> THE INPUT
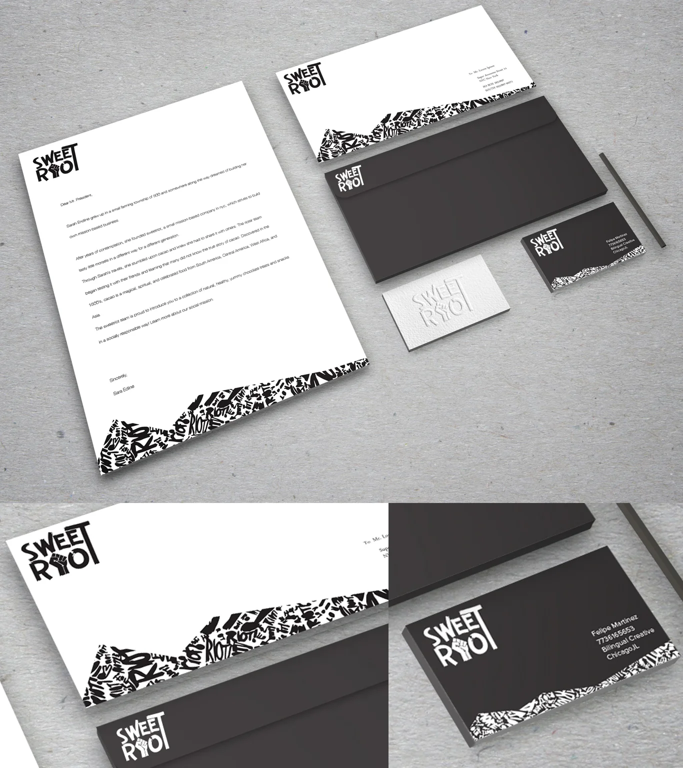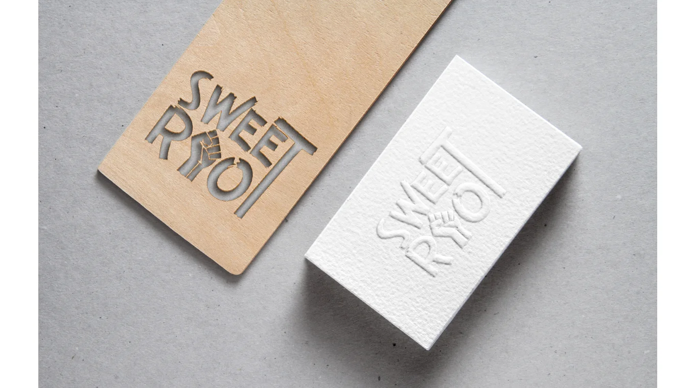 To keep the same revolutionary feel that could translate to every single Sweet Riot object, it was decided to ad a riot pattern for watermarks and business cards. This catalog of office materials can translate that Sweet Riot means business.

==

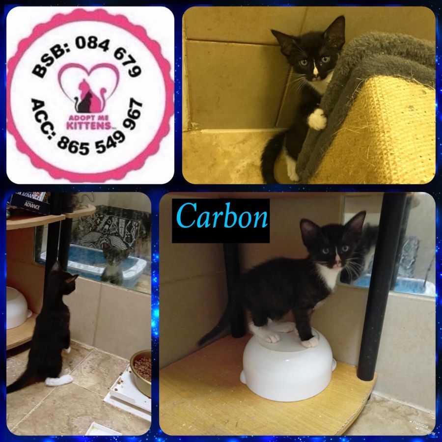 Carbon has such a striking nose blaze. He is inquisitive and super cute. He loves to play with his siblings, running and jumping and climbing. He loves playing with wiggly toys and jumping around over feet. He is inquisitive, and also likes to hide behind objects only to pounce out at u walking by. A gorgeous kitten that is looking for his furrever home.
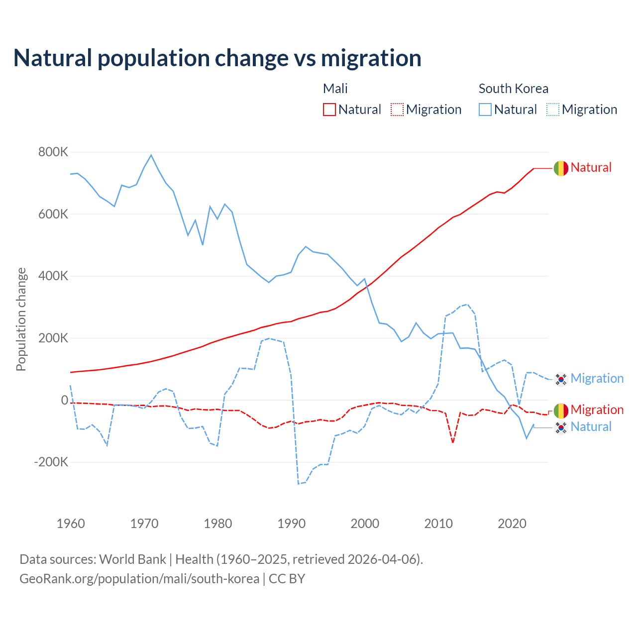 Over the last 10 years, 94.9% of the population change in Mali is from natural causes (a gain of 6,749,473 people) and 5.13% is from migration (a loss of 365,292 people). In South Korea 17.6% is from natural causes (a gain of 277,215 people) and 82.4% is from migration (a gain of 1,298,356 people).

> EXERCISE DIRECTIONS
Pictures do not belong in the answer. Return the lines above starting at the one with "Carbon has such" and ending at the one with "Over the last", both kept, exactly.

> TASK SOLUTION
 Carbon has such a striking nose blaze. He is inquisitive and super cute. He loves to play with his siblings, running and jumping and climbing. He loves playing with wiggly toys and jumping around over feet. He is inquisitive, and also likes to hide behind objects only to pounce out at u walking by. A gorgeous kitten that is looking for his furrever home.
 Over the last 10 years, 94.9% of the population change in Mali is from natural causes (a gain of 6,749,473 people) and 5.13% is from migration (a loss of 365,292 people). In South Korea 17.6% is from natural causes (a gain of 277,215 people) and 82.4% is from migration (a gain of 1,298,356 people).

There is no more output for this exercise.